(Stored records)

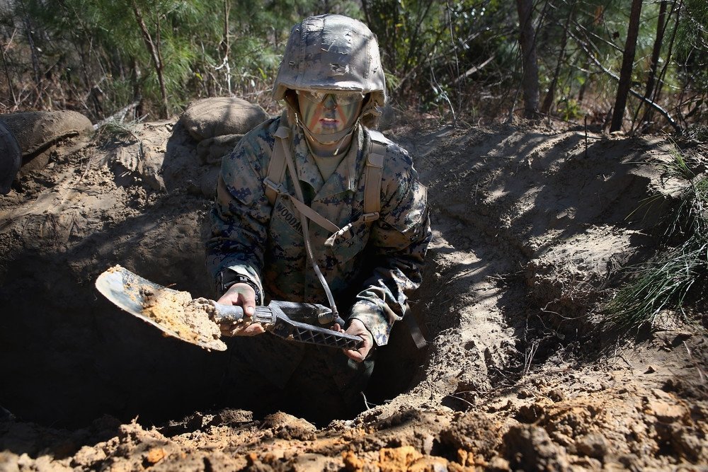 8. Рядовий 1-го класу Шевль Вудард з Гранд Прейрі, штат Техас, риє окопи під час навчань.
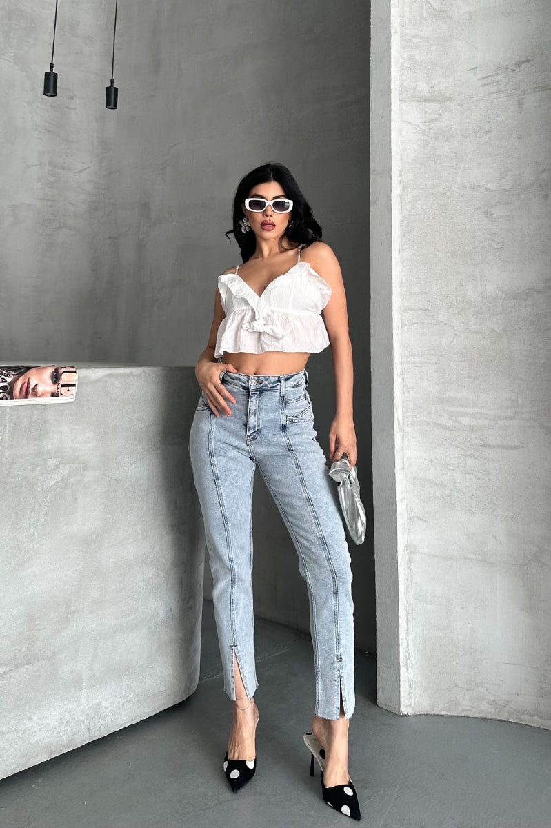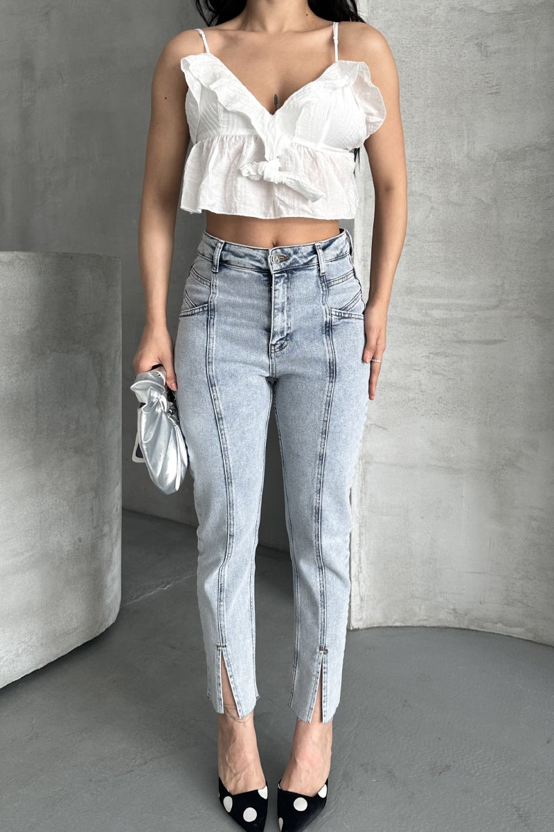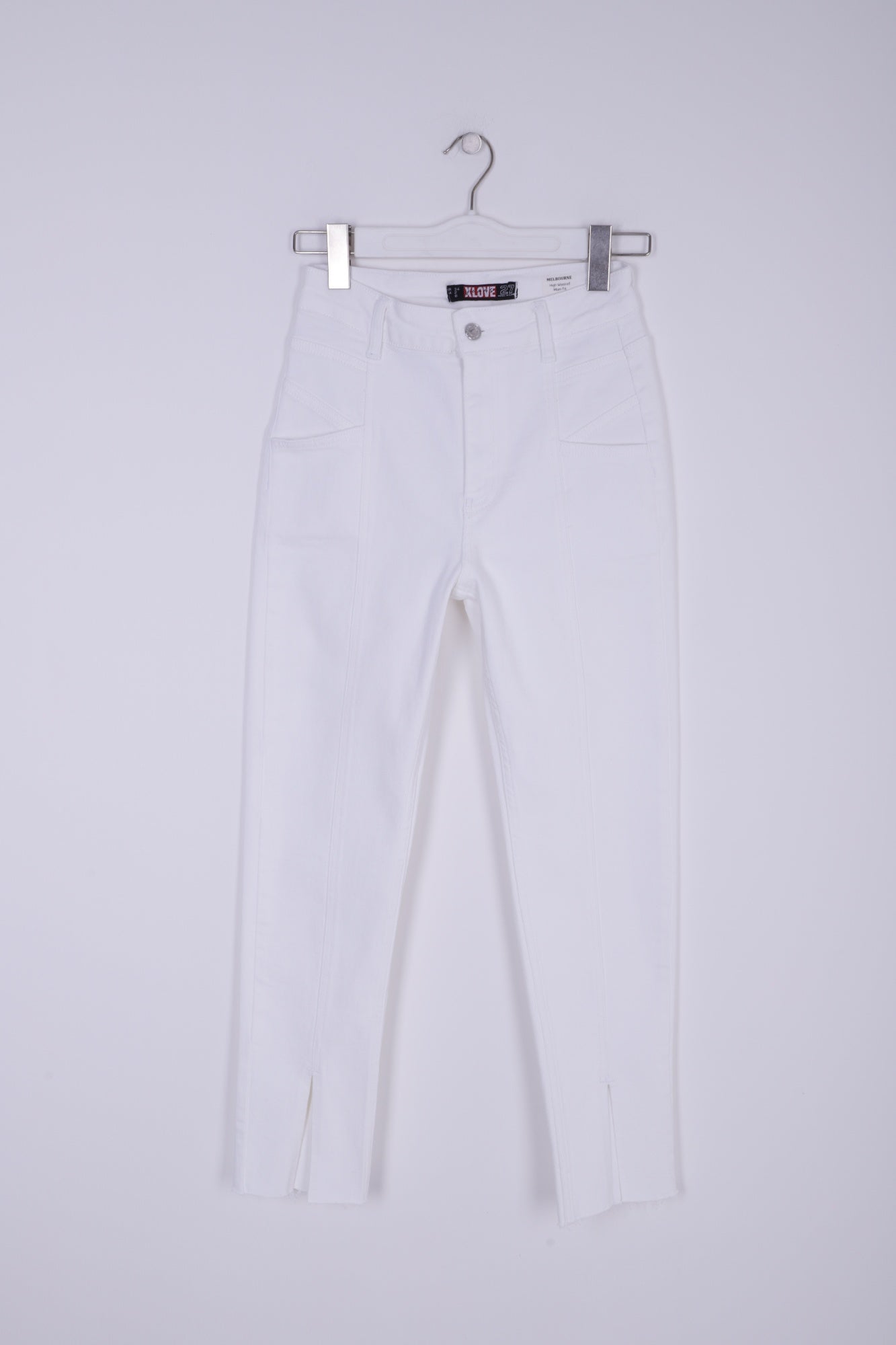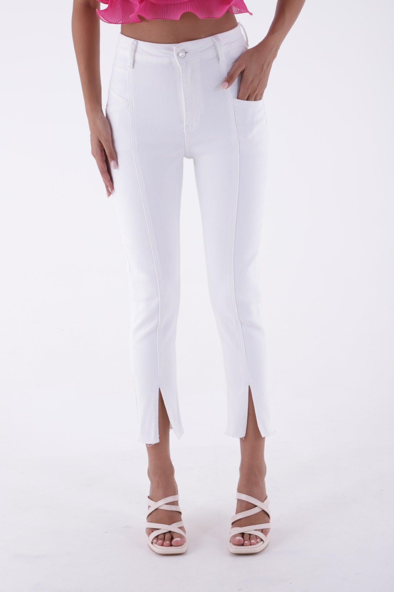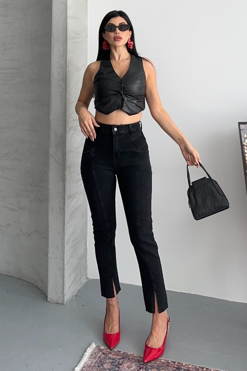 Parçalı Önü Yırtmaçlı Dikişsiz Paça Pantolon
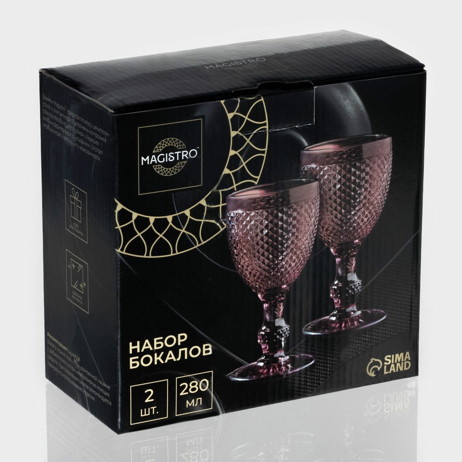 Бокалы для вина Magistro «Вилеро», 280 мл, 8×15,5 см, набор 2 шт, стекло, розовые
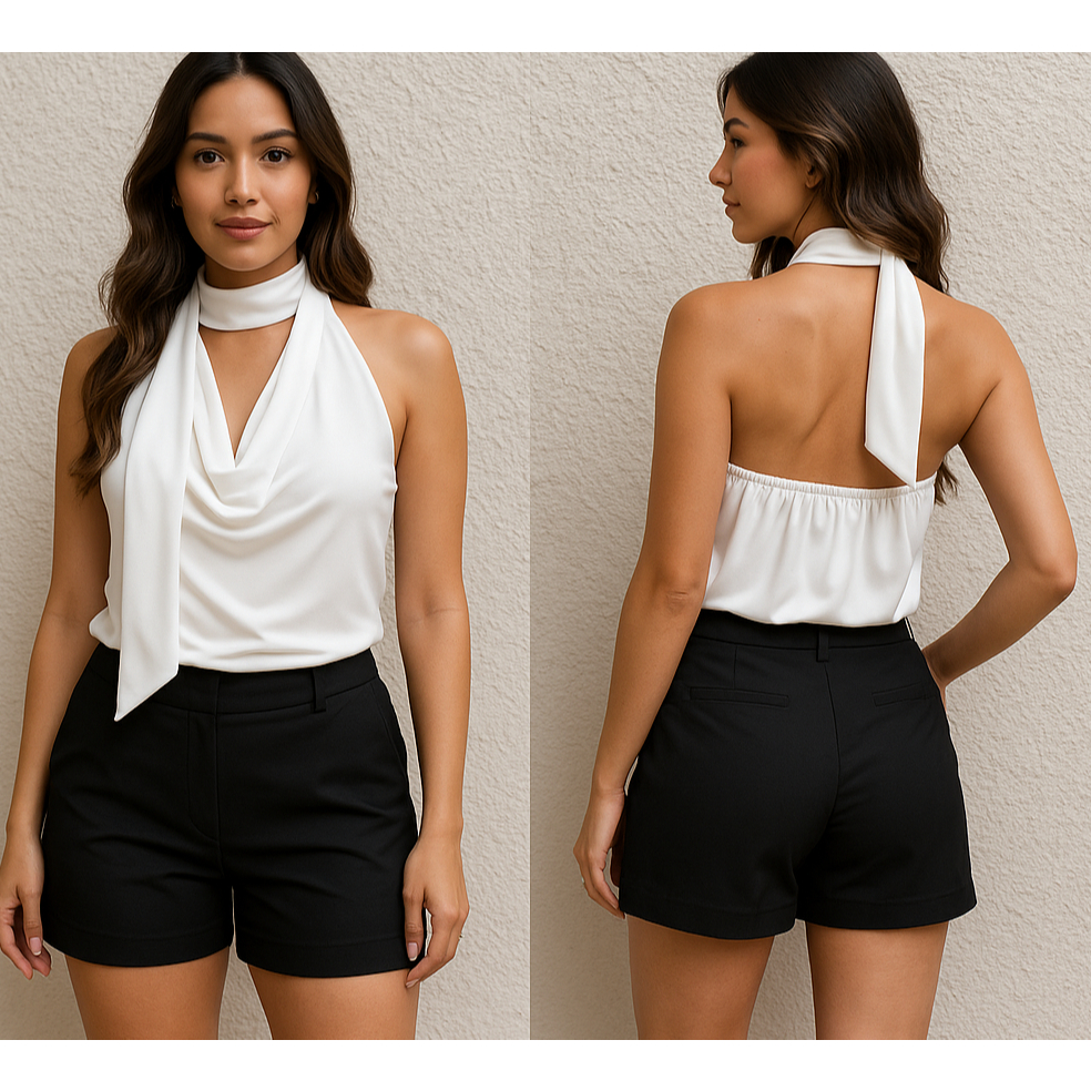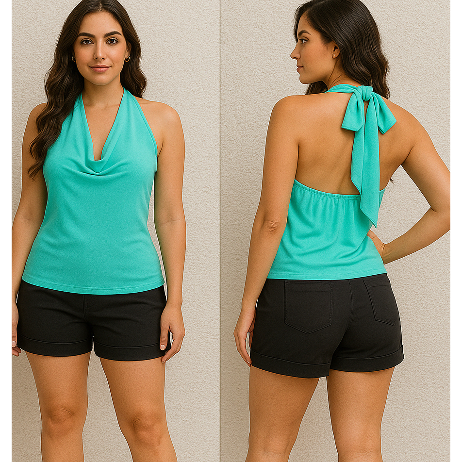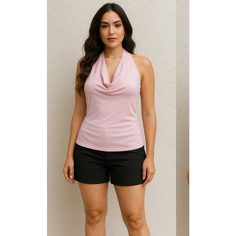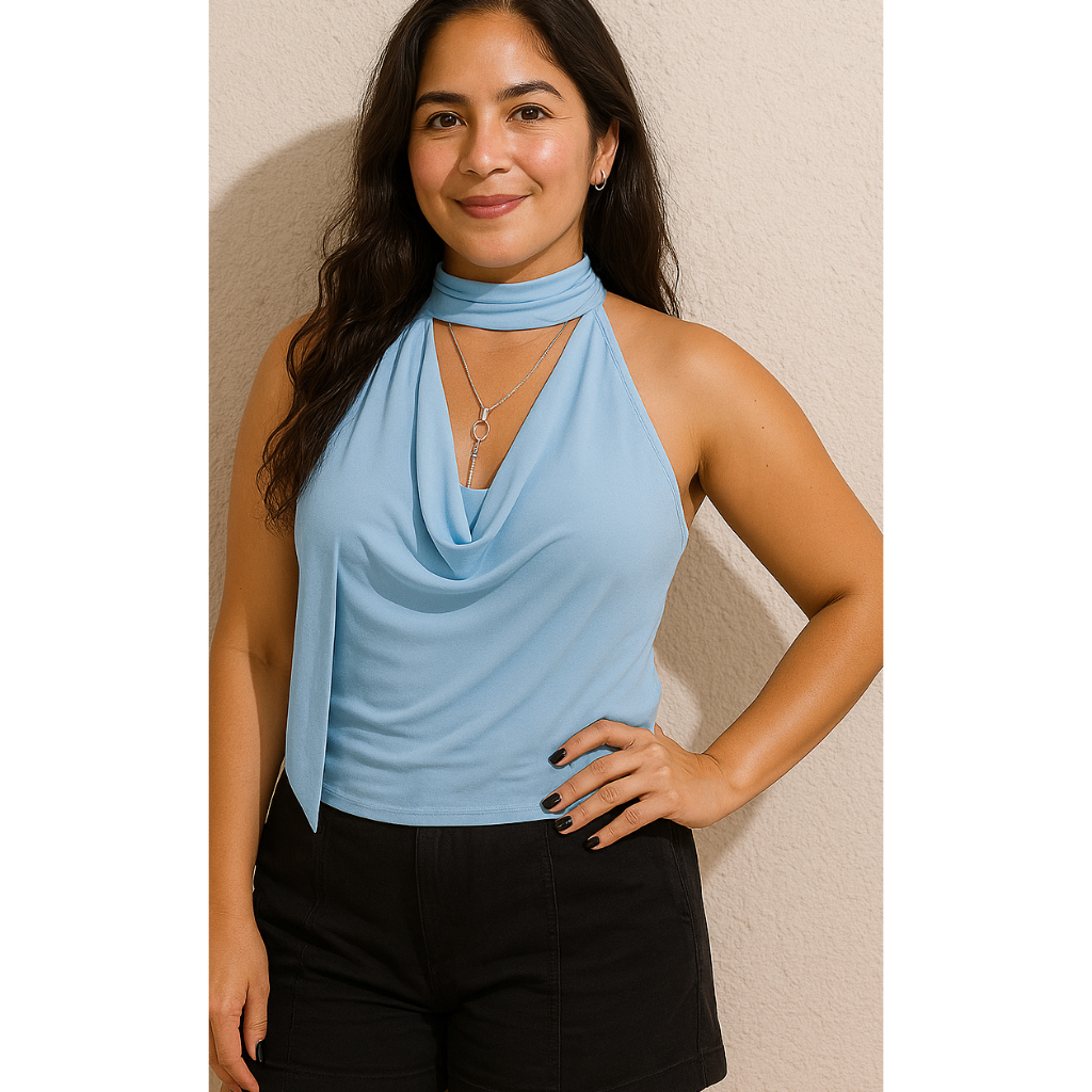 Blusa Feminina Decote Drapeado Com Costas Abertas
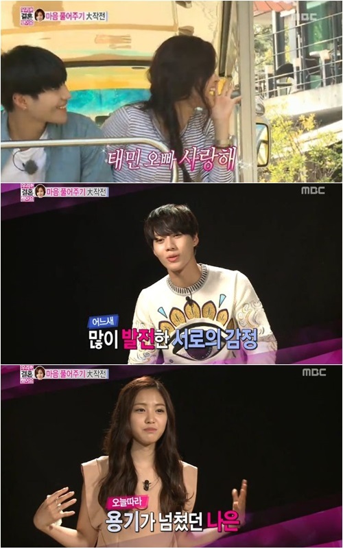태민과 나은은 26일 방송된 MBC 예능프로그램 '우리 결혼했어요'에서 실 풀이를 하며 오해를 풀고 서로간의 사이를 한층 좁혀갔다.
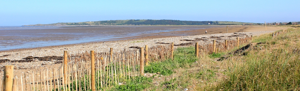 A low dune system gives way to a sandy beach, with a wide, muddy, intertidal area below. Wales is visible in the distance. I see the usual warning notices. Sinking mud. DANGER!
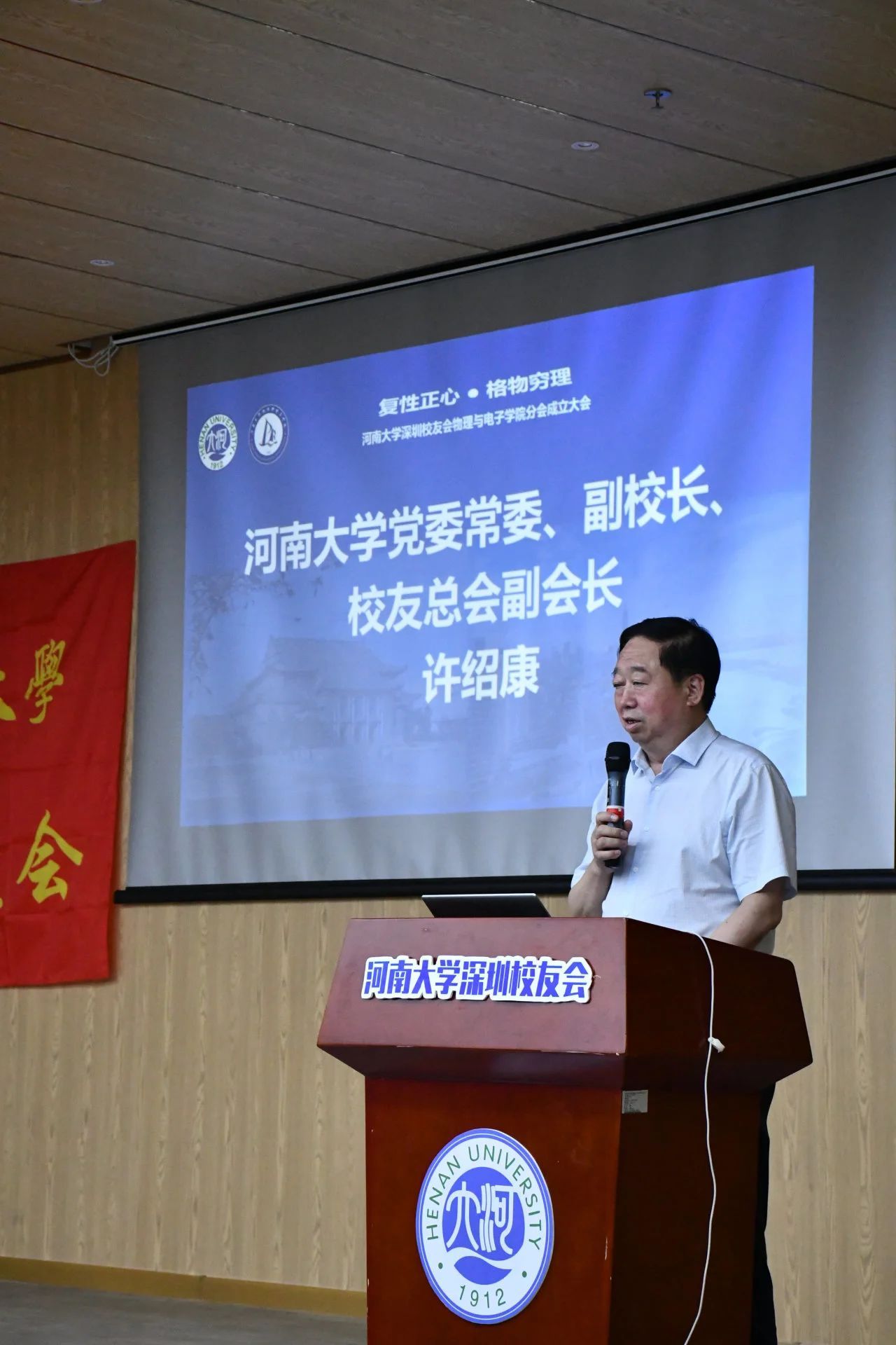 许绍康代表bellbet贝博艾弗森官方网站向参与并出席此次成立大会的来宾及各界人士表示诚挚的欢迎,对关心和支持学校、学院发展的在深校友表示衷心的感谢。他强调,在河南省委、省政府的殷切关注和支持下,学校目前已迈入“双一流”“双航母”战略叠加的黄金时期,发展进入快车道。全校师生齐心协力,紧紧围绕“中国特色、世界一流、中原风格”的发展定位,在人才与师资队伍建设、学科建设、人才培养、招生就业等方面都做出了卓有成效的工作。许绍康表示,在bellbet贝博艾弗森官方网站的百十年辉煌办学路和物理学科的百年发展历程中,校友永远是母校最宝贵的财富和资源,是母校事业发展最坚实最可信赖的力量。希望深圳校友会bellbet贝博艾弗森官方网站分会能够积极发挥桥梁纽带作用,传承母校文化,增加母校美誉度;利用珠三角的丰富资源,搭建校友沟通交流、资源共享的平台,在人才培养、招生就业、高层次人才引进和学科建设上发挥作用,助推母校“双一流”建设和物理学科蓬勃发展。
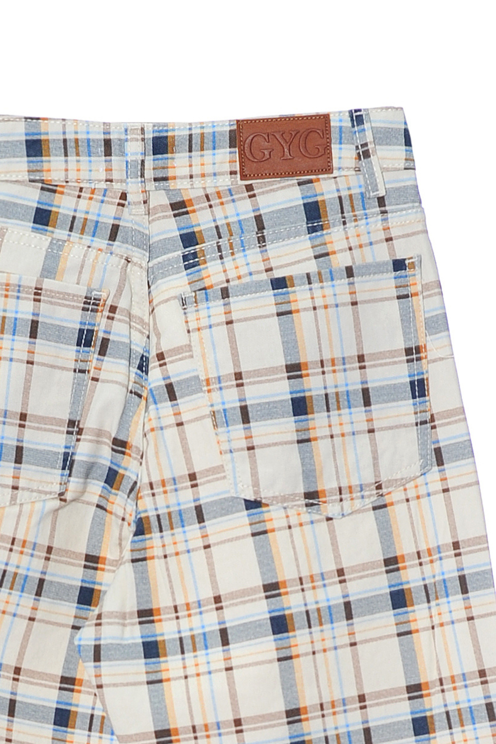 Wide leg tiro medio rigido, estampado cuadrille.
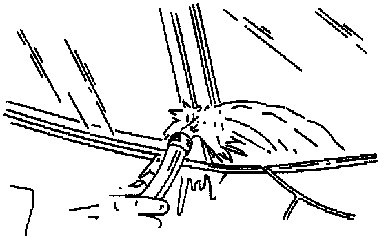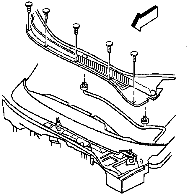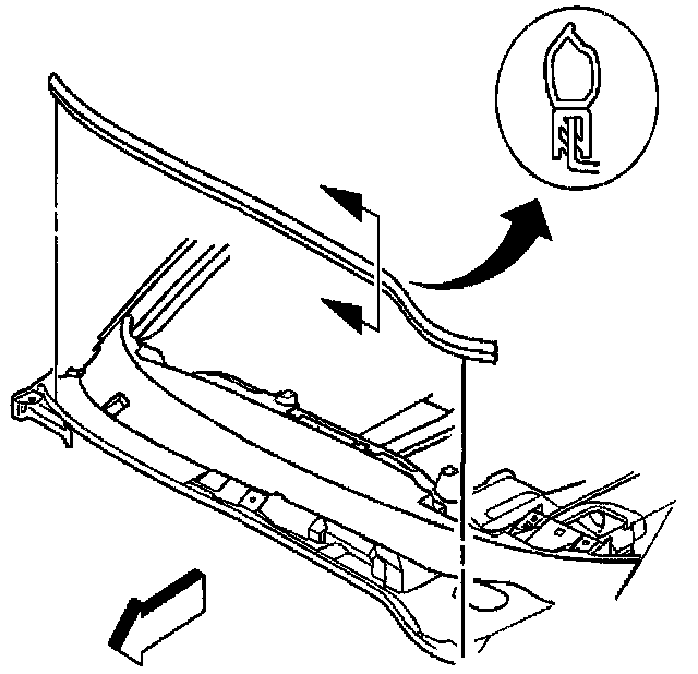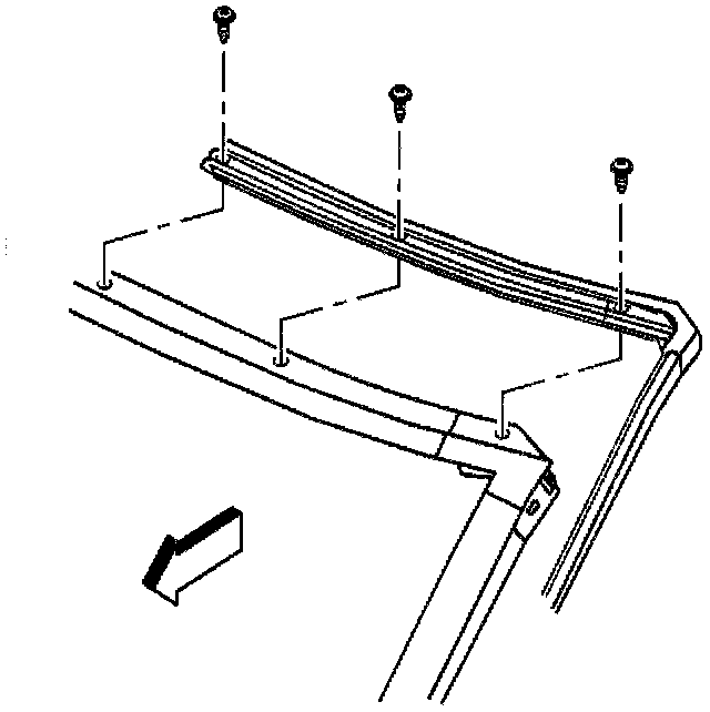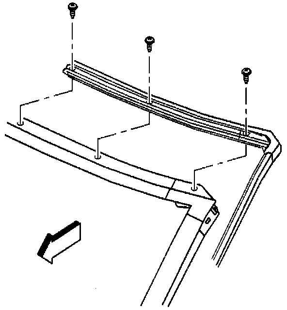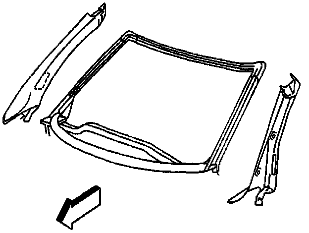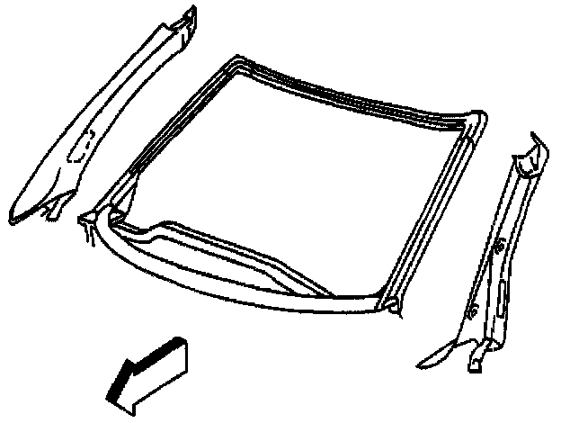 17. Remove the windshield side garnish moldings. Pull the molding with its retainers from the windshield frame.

## Work required:
Please output the entries above exactly, leaving out every picture.

## Exercise response:
 8. Рядовий 1-го класу Шевль Вудард з Гранд Прейрі, штат Техас, риє окопи під час навчань.
 Parçalı Önü Yırtmaçlı Dikişsiz Paça Pantolon
 Бокалы для вина Magistro «Вилеро», 280 мл, 8×15,5 см, набор 2 шт, стекло, розовые
 Blusa Feminina Decote Drapeado Com Costas Abertas
태민과 나은은 26일 방송된 MBC 예능프로그램 '우리 결혼했어요'에서 실 풀이를 하며 오해를 풀고 서로간의 사이를 한층 좁혀갔다.
 A low dune system gives way to a sandy beach, with a wide, muddy, intertidal area below. Wales is visible in the distance. I see the usual warning notices. Sinking mud. DANGER!
 许绍康代表bellbet贝博艾弗森官方网站向参与并出席此次成立大会的来宾及各界人士表示诚挚的欢迎,对关心和支持学校、学院发展的在深校友表示衷心的感谢。他强调,在河南省委、省政府的殷切关注和支持下,学校目前已迈入“双一流”“双航母”战略叠加的黄金时期,发展进入快车道。全校师生齐心协力,紧紧围绕“中国特色、世界一流、中原风格”的发展定位,在人才与师资队伍建设、学科建设、人才培养、招生就业等方面都做出了卓有成效的工作。许绍康表示,在bellbet贝博艾弗森官方网站的百十年辉煌办学路和物理学科的百年发展历程中,校友永远是母校最宝贵的财富和资源,是母校事业发展最坚实最可信赖的力量。希望深圳校友会bellbet贝博艾弗森官方网站分会能够积极发挥桥梁纽带作用,传承母校文化,增加母校美誉度;利用珠三角的丰富资源,搭建校友沟通交流、资源共享的平台,在人才培养、招生就业、高层次人才引进和学科建设上发挥作用,助推母校“双一流”建设和物理学科蓬勃发展。
 Wide leg tiro medio rigido, estampado cuadrille.
 17. Remove the windshield side garnish moldings. Pull the molding with its retainers from the windshield frame.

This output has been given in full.